I love the IDataReader interface. To me it’s just an easy/quick way to iterate over data when you know what that data is going to be. The ease of binding it to ASP.NET Webform and Winform grids (plus many extensions I have for them to export to excel and text files) makes them extremely efficient useful for me. I’ve created a few recently that I’ll share over a blog post or two. This one, takes an HTML table (provided as a string) and turns its contents into a DataReader. The one stipulation is that the table must have the same amount of columns on every row (having a colspan attribute on one row will mess it up). I may compensate for that in the future, but I don’t have a need to right now. I did this in about 10 minutes, so it maybe a little sloppy but it’s worked for the few tests I’ve thrown at it. This class makes use of the HTML Agility Pack to parse the HTML (highly useful and I highly recommend it if you plan on doing any HTML parsing). The HTML Agility Pack is open source and you can download the code or the library at: http://htmlagilitypack.codeplex.com/
Imports System.Data
Imports System.Net
Imports System.Collections
Imports System.Collections.Specialized
Imports System.Text
Imports System.Text.RegularExpressions
Imports HtmlAgilityPack
Imports Iuf.Extensions
Namespace Argus.Data
''' <summary>
''' A class that reads an HTML table and returns it as a DataReader. This class is depended on and coded against
''' the HtmlAgilityPack.
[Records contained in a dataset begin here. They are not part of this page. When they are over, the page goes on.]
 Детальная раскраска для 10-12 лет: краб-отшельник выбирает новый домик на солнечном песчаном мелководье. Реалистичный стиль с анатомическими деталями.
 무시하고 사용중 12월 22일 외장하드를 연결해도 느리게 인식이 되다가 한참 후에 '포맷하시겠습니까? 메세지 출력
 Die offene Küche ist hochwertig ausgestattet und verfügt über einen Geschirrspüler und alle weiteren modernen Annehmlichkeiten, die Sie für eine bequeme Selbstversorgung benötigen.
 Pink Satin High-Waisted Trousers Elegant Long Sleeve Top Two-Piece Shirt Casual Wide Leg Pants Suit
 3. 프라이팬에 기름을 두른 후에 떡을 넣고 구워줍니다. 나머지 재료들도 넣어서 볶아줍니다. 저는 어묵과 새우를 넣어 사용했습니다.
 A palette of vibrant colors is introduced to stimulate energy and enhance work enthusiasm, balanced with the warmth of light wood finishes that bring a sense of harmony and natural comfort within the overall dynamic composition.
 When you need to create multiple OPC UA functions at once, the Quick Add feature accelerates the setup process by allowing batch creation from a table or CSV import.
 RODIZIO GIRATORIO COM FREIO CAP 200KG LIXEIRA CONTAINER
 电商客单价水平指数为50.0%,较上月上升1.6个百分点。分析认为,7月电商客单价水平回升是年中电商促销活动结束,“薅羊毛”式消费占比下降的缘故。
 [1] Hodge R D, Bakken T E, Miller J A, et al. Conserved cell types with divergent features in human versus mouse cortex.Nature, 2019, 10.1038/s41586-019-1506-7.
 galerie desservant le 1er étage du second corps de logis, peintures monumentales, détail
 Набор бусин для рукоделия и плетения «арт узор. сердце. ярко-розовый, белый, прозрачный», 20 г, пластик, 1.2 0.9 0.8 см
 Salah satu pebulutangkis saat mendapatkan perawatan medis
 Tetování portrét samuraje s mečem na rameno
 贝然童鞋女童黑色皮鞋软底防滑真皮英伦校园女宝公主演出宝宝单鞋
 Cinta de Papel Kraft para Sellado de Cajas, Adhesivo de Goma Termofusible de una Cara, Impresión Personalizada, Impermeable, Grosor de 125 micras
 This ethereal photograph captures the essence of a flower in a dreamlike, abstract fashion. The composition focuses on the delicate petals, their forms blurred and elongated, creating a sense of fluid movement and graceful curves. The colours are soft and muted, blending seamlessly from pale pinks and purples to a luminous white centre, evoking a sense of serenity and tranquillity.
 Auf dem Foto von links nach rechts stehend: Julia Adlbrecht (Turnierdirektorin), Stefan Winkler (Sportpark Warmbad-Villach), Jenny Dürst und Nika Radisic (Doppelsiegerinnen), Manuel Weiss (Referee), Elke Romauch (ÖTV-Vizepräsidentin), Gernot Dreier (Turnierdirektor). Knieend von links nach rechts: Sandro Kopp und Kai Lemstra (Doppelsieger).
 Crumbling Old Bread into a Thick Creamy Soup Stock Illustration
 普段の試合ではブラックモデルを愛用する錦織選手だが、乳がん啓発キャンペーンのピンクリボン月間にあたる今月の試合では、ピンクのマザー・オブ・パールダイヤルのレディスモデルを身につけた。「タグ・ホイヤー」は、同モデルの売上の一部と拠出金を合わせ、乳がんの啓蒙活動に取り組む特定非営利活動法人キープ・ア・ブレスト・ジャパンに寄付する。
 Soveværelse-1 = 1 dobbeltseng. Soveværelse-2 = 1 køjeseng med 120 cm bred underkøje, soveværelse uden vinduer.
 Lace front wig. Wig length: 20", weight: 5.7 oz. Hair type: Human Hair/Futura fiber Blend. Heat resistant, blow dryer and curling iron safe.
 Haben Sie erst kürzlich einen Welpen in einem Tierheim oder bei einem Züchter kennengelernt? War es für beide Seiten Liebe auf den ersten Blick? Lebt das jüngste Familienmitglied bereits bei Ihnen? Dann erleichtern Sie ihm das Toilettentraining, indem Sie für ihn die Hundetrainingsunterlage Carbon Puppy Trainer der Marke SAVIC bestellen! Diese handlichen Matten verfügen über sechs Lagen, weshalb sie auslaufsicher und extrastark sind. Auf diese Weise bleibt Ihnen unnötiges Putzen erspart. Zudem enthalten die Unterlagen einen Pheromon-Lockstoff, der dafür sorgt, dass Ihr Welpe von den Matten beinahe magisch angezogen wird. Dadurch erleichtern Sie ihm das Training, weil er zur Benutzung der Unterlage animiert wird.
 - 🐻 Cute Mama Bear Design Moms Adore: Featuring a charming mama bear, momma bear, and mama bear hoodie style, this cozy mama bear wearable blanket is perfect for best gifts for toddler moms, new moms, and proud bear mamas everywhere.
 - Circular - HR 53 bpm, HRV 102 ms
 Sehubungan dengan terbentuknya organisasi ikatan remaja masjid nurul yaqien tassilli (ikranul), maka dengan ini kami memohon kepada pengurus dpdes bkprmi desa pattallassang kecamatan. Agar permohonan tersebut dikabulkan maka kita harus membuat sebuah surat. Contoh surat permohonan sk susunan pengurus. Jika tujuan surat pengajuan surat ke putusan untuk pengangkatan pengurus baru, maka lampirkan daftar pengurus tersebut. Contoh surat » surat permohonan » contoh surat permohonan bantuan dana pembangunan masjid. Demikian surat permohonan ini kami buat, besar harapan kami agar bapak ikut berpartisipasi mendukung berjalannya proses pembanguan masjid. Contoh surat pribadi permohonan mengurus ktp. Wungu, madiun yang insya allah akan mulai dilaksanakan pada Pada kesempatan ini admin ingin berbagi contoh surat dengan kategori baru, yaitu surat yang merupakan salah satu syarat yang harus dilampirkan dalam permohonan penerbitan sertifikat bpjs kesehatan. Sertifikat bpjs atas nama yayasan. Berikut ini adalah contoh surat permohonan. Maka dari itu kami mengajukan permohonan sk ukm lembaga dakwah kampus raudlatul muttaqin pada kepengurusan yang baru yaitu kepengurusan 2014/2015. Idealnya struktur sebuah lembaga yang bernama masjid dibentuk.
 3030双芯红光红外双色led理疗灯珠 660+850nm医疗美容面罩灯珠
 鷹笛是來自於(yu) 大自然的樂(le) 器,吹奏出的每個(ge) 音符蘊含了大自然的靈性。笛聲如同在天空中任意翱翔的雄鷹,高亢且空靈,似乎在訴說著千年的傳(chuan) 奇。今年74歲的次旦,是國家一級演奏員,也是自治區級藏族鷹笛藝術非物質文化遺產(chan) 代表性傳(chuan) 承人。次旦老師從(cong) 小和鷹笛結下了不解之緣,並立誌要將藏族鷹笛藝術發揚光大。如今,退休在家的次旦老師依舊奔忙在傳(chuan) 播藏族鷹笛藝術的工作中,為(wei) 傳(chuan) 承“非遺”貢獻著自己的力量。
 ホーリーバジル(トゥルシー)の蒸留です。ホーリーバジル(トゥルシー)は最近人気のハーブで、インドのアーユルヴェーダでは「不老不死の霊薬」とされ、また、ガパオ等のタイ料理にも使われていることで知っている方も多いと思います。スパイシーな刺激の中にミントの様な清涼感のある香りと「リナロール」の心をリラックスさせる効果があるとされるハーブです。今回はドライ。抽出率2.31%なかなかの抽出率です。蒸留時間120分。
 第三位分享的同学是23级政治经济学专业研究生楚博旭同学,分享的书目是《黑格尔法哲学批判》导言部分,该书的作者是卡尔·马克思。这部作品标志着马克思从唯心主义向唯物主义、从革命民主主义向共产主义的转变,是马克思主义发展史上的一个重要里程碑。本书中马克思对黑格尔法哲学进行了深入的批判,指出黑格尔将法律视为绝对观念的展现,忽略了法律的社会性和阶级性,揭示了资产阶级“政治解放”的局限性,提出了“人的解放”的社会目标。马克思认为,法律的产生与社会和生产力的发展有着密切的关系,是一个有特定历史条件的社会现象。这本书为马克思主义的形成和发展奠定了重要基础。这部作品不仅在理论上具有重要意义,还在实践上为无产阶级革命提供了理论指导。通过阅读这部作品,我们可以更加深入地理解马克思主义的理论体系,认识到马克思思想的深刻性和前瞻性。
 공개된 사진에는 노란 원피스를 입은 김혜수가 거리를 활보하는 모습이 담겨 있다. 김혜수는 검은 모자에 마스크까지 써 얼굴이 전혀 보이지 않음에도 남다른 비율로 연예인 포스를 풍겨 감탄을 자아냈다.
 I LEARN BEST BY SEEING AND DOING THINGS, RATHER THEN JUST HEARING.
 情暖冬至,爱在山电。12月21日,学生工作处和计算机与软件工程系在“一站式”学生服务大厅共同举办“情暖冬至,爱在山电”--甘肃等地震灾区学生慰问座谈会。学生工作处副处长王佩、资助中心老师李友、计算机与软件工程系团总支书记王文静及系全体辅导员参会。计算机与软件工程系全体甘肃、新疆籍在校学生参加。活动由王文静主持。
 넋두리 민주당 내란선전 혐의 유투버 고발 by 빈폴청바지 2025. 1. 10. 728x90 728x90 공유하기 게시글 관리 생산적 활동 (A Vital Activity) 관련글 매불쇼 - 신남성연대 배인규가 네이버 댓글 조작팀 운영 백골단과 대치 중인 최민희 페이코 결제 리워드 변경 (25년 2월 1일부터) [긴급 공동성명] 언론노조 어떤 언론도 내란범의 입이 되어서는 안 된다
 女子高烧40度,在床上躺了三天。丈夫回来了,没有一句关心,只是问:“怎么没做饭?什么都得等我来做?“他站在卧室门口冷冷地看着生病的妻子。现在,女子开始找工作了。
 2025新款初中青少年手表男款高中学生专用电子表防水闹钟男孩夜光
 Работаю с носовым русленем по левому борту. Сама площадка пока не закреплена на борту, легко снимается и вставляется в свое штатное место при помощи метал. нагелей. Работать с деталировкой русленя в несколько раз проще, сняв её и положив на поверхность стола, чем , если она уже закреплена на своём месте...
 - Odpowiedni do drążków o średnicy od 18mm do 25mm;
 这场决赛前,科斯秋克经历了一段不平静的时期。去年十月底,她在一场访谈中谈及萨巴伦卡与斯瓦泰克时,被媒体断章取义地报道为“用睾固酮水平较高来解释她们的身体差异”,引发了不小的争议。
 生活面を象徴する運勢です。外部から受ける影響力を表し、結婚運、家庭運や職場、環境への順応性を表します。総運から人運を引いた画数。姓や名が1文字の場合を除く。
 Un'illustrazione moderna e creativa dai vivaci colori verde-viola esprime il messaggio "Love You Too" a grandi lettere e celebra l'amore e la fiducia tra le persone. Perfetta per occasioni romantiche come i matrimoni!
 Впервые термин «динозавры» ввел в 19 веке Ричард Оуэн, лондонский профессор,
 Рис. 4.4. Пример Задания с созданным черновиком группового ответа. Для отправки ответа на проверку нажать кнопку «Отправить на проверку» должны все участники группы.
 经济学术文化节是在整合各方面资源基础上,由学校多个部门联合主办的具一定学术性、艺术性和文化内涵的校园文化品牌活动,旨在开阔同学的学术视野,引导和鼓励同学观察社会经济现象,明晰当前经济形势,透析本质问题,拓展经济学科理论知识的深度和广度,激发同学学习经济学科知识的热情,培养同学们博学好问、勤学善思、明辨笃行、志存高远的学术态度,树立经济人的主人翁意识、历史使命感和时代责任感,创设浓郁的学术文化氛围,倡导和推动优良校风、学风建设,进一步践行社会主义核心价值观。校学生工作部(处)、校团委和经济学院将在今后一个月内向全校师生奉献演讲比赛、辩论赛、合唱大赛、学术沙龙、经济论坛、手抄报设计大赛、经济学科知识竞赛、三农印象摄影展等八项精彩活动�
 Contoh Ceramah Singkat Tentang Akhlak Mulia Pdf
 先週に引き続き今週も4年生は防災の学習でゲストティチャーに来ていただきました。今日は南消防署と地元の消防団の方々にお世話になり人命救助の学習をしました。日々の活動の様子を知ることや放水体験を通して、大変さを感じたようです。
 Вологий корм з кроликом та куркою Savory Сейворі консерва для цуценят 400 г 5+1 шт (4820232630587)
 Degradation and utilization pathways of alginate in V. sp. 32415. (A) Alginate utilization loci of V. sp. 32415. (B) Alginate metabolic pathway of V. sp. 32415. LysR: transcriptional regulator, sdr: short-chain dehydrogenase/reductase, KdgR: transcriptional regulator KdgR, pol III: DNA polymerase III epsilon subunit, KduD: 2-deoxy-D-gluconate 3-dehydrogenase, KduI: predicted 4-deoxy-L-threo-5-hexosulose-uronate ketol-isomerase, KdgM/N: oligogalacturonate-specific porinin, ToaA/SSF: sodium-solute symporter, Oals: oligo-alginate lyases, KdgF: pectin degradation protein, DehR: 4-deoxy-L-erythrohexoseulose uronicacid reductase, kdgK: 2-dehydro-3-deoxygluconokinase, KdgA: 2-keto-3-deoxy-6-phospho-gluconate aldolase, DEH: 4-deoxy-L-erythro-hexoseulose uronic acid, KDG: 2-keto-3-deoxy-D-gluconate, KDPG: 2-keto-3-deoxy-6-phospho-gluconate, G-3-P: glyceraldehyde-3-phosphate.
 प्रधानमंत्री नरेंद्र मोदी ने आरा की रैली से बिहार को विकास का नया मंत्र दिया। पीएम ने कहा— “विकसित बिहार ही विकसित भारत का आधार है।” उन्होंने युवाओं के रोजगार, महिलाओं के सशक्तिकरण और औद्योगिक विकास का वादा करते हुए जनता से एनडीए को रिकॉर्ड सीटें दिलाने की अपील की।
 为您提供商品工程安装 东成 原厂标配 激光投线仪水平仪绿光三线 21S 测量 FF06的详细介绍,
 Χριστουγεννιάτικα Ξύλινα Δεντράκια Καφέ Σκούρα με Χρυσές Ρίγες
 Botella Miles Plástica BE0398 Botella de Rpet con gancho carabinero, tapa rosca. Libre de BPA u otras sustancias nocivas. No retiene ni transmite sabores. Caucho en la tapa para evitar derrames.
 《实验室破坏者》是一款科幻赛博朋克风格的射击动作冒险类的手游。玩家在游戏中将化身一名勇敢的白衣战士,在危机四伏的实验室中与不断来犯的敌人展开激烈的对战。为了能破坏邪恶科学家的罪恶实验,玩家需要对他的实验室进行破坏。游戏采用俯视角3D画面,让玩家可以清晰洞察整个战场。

This will require that the table has a consistent cell count in each row, it does not handle
''' tables with the colspan that doesn't exist on every row.
''' </summary>
''' <remarks>
''' </remarks>
Public Class HtmlTableReader
Implements IDataReader
'*********************************************************************************************************************
'
' Class: HtmlTableReader
' Initial Date: 09/13/2011
' Last Updated: 09/14/2011
' Programmer(s): Blake Pell, bpell@indiana.edu
'
'*********************************************************************************************************************
Public Sub New(ByVal html As String, ByVal firstRowContainsHeader As Boolean)
Me.Html = html
Dim hd As New HtmlDocument()
hd.LoadHtml(html)
If hd.DocumentNode.SelectNodes("//table").Count = 0 Then
Exit Sub
End If
Dim table As HtmlNode = hd.DocumentNode.SelectNodes("//table")(0)
Dim rowCount As Integer = 0
Dim columnCount As Integer = 0
Dim dt As New DataTable("HtmlTableReader")
' We're only going to parse the first table in the case of multiple tables or nested tables. Considering creating a DataSet
' or multi-reader for support of nested tables at the same time.
For Each tr As HtmlNode In table.SelectNodes("//tr")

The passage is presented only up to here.